POINT DE VUE

Produits laitiers et maladies cardiovasculaires : que retenir des nouvelles études ?

Pr Boris Hansel

Auteurs et déclarations

3 novembre 2021

Le blog du Dr Boris Hansel - Diabétologue et nutritionniste

TRANSCRIPTION

Faut-il limiter à tout prix et au maximum la consommation des produits laitiers gras pour prévenir le diabète et les maladies cardiovasculaires ?

La recommandation usuelle diététique est de limiter la consommation des laitages gras, notamment le lait entier, le fromage et le beurre – le beurre n’est pas classé dans les produits laitiers, mais il provient, bien sûr, de la matière grasse laitière. Ces produits sont donc à limiter, classiquement parce qu’ils font monter le taux de cholestérol dans le sang, c’est quelque chose qui est parfaitement démontré. Les acides gras saturés, qui constituent deux tiers de la matière grasse laitière, augmentent, dans leur ensemble, la concentration plasmatique du cholestérol sanguin.

Les nouvelles données de la littérature

Il y a des données récentes ou, en tout cas un ensemble de données, qui à mon avis permettent de nuancer la recommandation concernant les produits laitiers gras. Ces données nous viennent essentiellement d’études épidémiologiques.

D’abord, il semble que pour le fromage, même s’il augmente naturellement le cholestérol sanguin, à quantité identique de graisse il fait moins monter le cholestérol plasmatique que le beurre.[1,2]

Deuxième ensemble de données pour le fromage : il y a des données qui viennent d’études épidémiologiques et qui vont dans le sens d’une protection conférée par le fromage contre les maladies cardiométaboliques, le diabète et les maladies cardiovasculaires. Ce qui est le plus convaincant dans ces données épidémiologiques, ce sont celles qui ont mis en relation les concentrations plasmatiques de marqueurs de la graisse laitière avec l’incidence du diabète et des maladies cardiovasculaires. Donc, ici on n’évalue pas les apports en produits laitiers déclarés, mais on évalue la concentration plasmatique de certains acides gras saturés qui sont caractéristiques de nos matières grasses laitières, et on met en relation ces concentrations plasmatiques avec les évènements cliniques.
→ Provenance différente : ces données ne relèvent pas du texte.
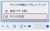 パソコンの画面で、ツールバーのスピーカーアイコンを右クリックして[サウンドの設定]を選ぶ。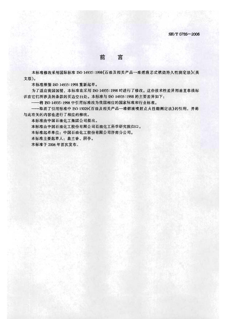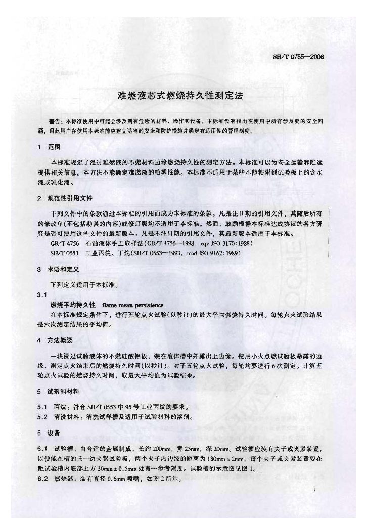 SH/T 0785-2006 难燃液芯式燃烧持久性测定法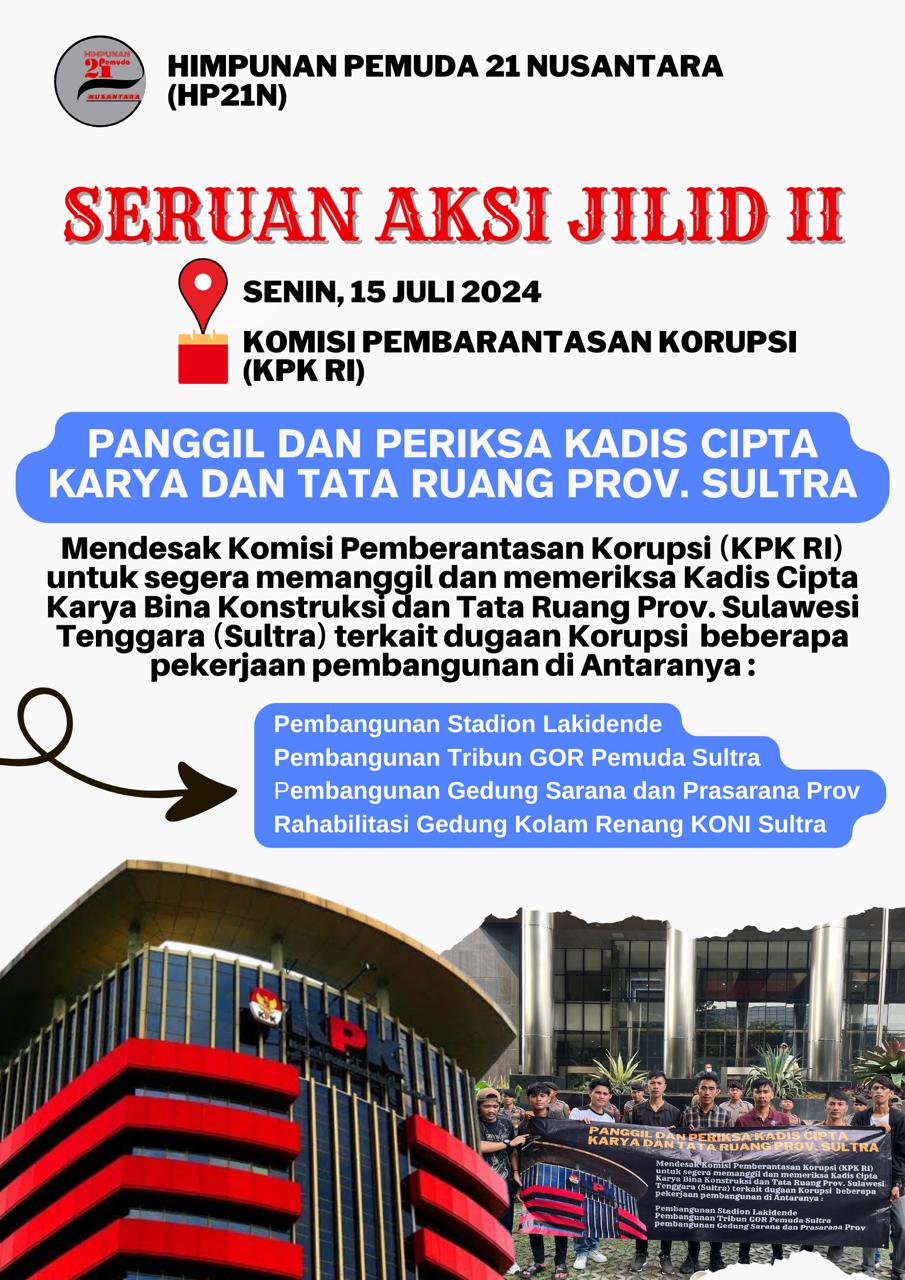 "HP21N meminta kepada KPK RI untuk memanggil dan memeriksa Kepala Dinas Cipta karya dan Bina Kontruksi dan Tata Ruang provinsi Sulawesi Tenggara (Sultra) terkait proyek pembangunan stadion lakidende, Proyek pembangunan tribun GOR pemuda Sultra dan Proyek Pembangunan Sarana - Prasarana Pemprov Sultra," ungkapnya.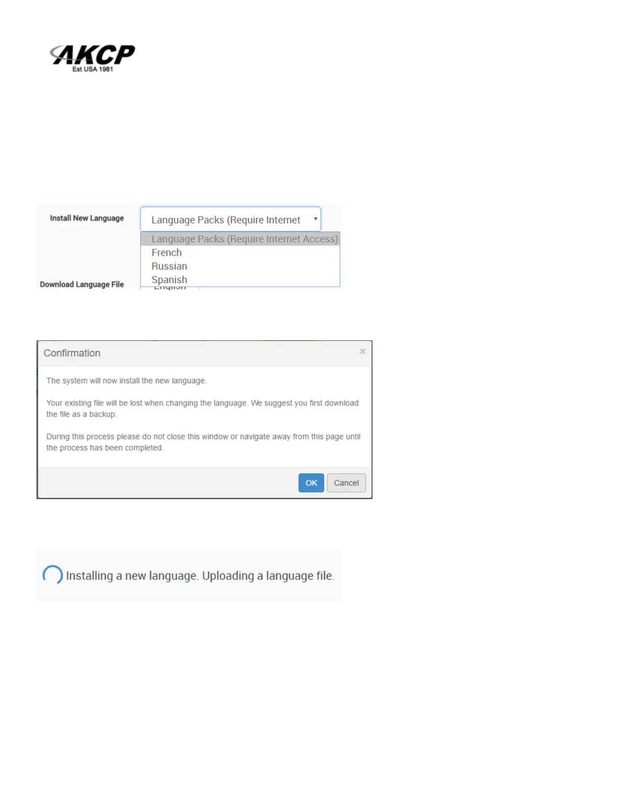 If you have active internet connection, the unit supports installing the official language files directly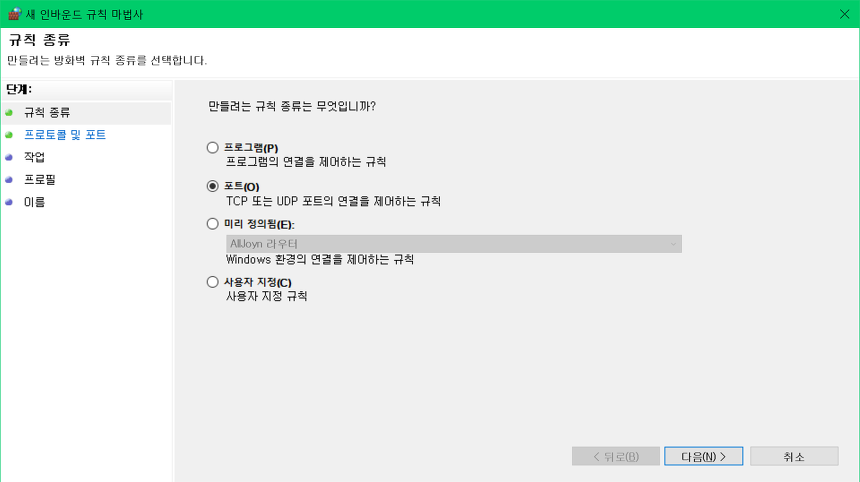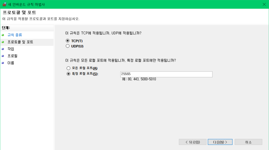 TCP(T)와 특정 로컬 포트(S)를 선택하고 포트 입력 칸에 자신이 설정한 서버의 포트를 입력해줍니다.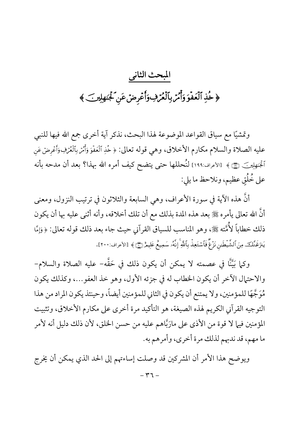 وتمشيًا مع سياق القواعد الموضوعة لهذا البحث، نذكر آية أخرى جمع الله فيها للنبي عليه الصلاة والسلام مكارم الأخلاق، وهي قوله تعالى: {خُذِ الْعَفْوَ وَأْمُرْ بِالْعُرْفِ وَأَعْرِضْ عَنِ الْجَاهِلِينَ (199)} [الأعراف: 199] لنُحللها حتى يتضح كيف أمره الله بهذا؟ بعد أن مدحه بأنه على خُلُقٍ عظيم، ونلاحظ ما يلي: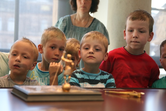 Children in the museum of measurement instruments in Dresden, Germany. Pavla went to this museum with me and liked it too. An enlightened aristocrat was collecting instruments for many years - telescopes, vacuum pumps, globes, clocks, star models... It was impressive. (2014/7)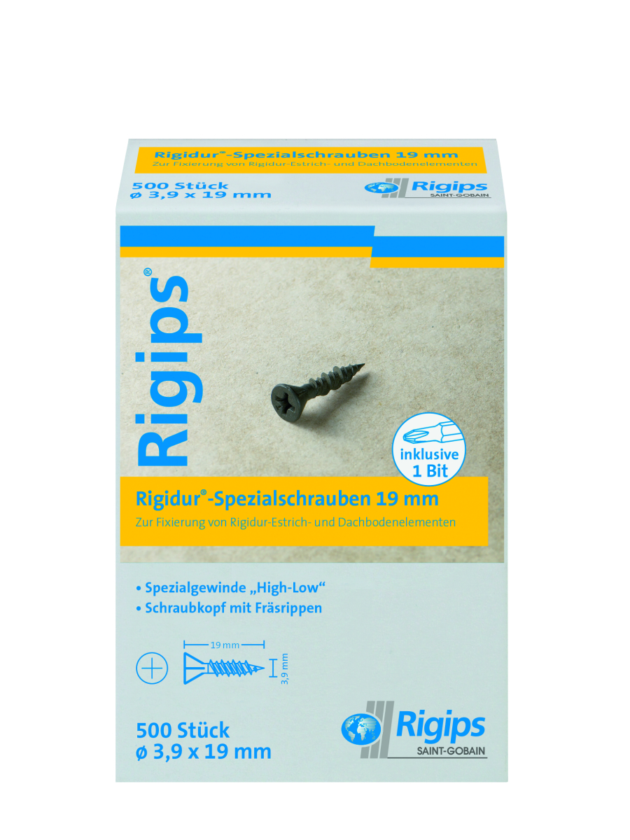 Die Rigidur Schnellbauschraube von Rigips (Typ UMN nach EN 14566) aus spezialbehandeltem Stahl (schwarz phosphatiert) verfügt über eine spezielle Kopfform mit Fräsrippen, ein HiLo-Doppelganggewinde, eine Nadelspitze sowie einen Kreuzschlitz PH Gr. 2. Die Schnellbauschraube dient zur Verschraubung von Rigidur Estrichelementen: 3,9 x 19 mm für Estrichaufbau 2 x 10 mm, 3,9 x 22 mm für 2 x 12,5 mm.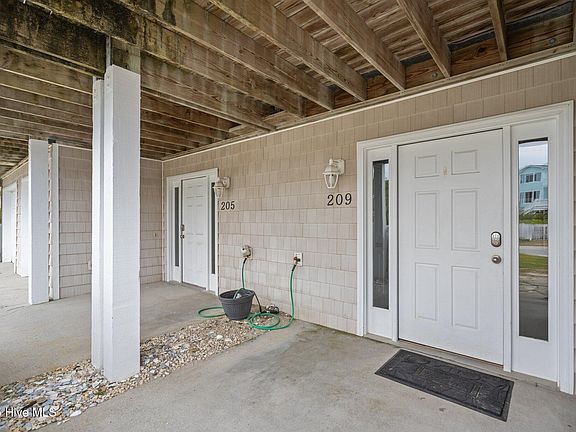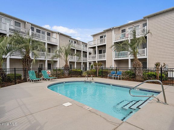 This beautifully maintained, fully furnished 3-story townhome offers ocean views from two of its four balconies and is just a short walk to the public beach access. Located only three blocks from charming downtown Kure Beach, you'll enjoy easy access to shops, restaurants, the oceanfront park, and the iconic fishing pier. Inside, the main living area boasts an open floor plan with a spacious living room, a dedicated dining area, and a stylish kitchen featuring granite countertops, a tile backsplash, a coffee bar section, and a pantry. The primary suite is a true retreat with its own private balcony overlooking the community pool, an en-suite bath with a marble countertop, and a generous walk-in closet. Two additional bedrooms share a front porch with beautiful ocean views and have access to a full hall bath with a stackable washer and dryer for convenience. On the ground floor, you'll find a fourth bedroom and full bath with direct access to a covered back porch—ideal for guests or a private office setup. Each level includes a storage closet off the patio or balcony for added functionality. Whether you're looking for a full-time residence, vacation getaway, or investment opportunity, this townhome has it all—location, comfort, and coastal charm.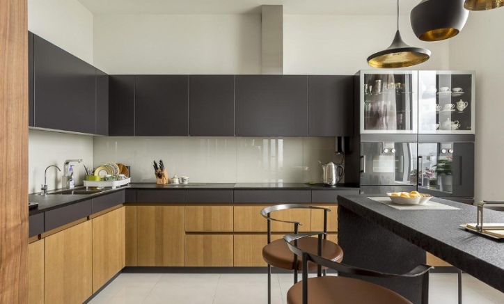 Набор мебели с пеналами под встраиваемую технику, с витринами под посуду. Подходит для помещений, оформленных в стиле лофт. Фасады без выступающих ручек. Сочетание цветов дерева с чёрным подчёркнуто чёрной техникой.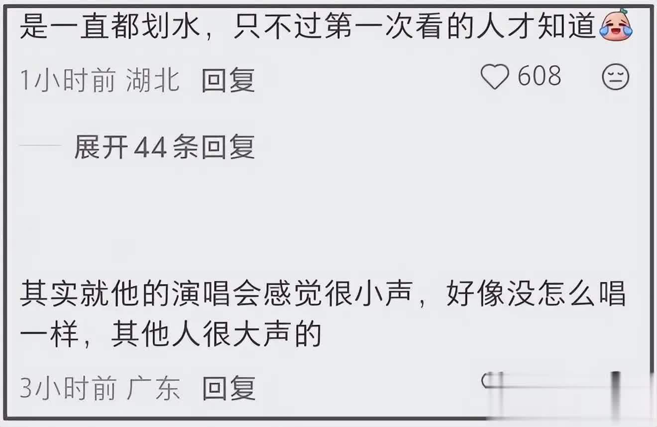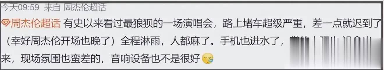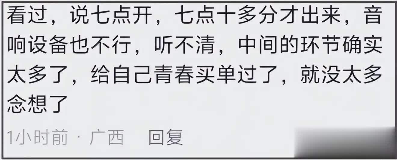有花上万元买黄牛票的观众崩溃吐槽:「暴雨里站了 5 个小时,结果看了场大型综艺串场,偶像唱没几首,全程在聊天、互动、让别人代唱,这钱花得太冤了」。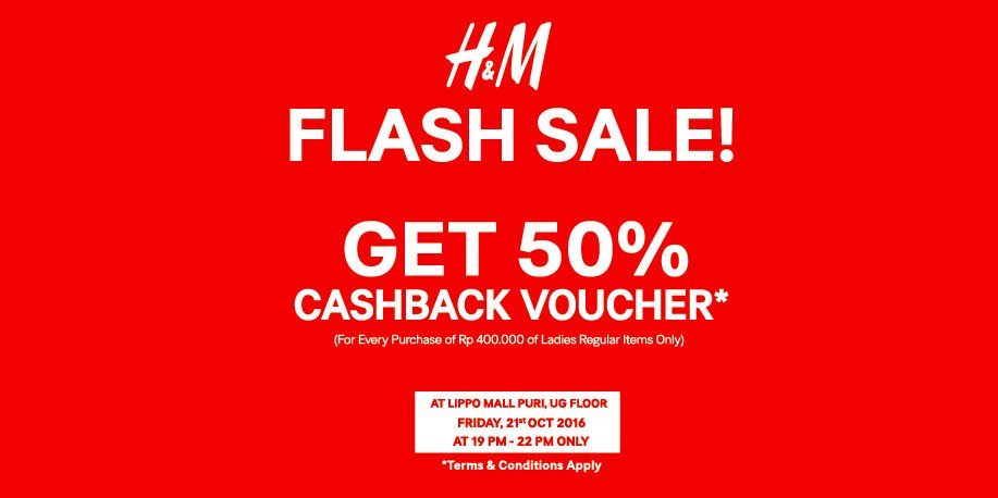 H M Indonesia On Twitter H M Flash Sale At Lippomallpuri Today Only From 7pm 10pm Get 50 Cashback Voucher T C Apply Visit H M Lippomallpuri Now Https T Co Yj2bbo7bvs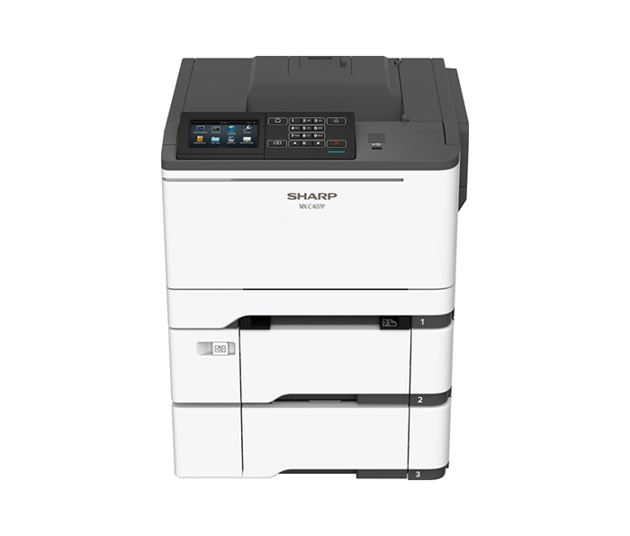 • Printer A4, colour, 38 ppm, PCL, PS3, network, memory 1 GB, cassette for 250 sheets + bypass for 1 sheet, touch panel 4,3"

D’abord, il y a une étude[3] qui a examiné, sur un suivi de 9 ans, le devenir de 64 000 personnes et qui montre que des concentrations les plus élevées de biomarqueurs de matière grasse laitière étaient associées à un risque diminué de 30 % de développer un diabète par rapport aux personnes qui avaient les concentrations plasmatiques les plus faibles dans ces marqueurs de la matière grasse laitière.

 
On évalue la concentration plasmatique de certains acides gras saturés.
 

En ce qui concerne les maladies cardiovasculaires, on a encore des données de même type avec notamment une méta-analyse[4] récemment publiée de 18 études interventionnelles et qui montre que des niveaux élevés d’acides gras typiques de la graisse laitière sont associés à une incidence plus faible de maladies cardiovasculaires. Bien sûr, il s’agit de données épidémiologiques, d’associations statistiques, et on n’a pas aujourd’hui de données qui permettent de montrer de manière formelle que consommer des laitages gras diminue le diabète et les maladies cardiovasculaires. Une autre faille de ces études : ces données ne permettent pas de savoir quel type de produits laitiers gras – fromage, yaourt, lait entier – pourrait être protecteur. Et quand on regarde encore l’épidémiologie, il est possible que ce soit plus spécifiquement le fromage et les yaourts, et non le lait, qui confèrent la protection. [5]

Que recommander aux patients ?

En pratique, que peut-on retenir de ces données pour les recommandations que nous faisons à nos patients? Je vous donne ici la manière dont j’utilise ces données et non pas des recommandations officielles de nos sociétés savantes ou des autorités de santé.

  • Premièrement, je dis à mes patients qu’une part de fromage tous les jours, c’est peut-être bénéfique en prévention cardiométabolique.

  • Deuxièmement, je précise que pour le lait entier, rien n’est clair. Voilà pourquoi je recommande plutôt de consommer du lait demi-écrémé.

  • En ce qui concerne le beurre, aujourd’hui il n’y a aucun élément pour penser que le beurre soit protecteur contre le diabète ou les maladies cardiovasculaires et on reste dans une logique de réduire le beurre. Le beurre n’est pas un aliment, une matière grasse qu’il faut consommer pour une raison de santé. La seule raison d’en consommer un peu, bien sûr, c’est le plaisir.

Je précise, pour terminer, que je n’ai aucun lien d’intérêt avec l’industrie des produits laitiers. Je vous remercie de votre attention et je vous dis à très bientôt sur Medscape.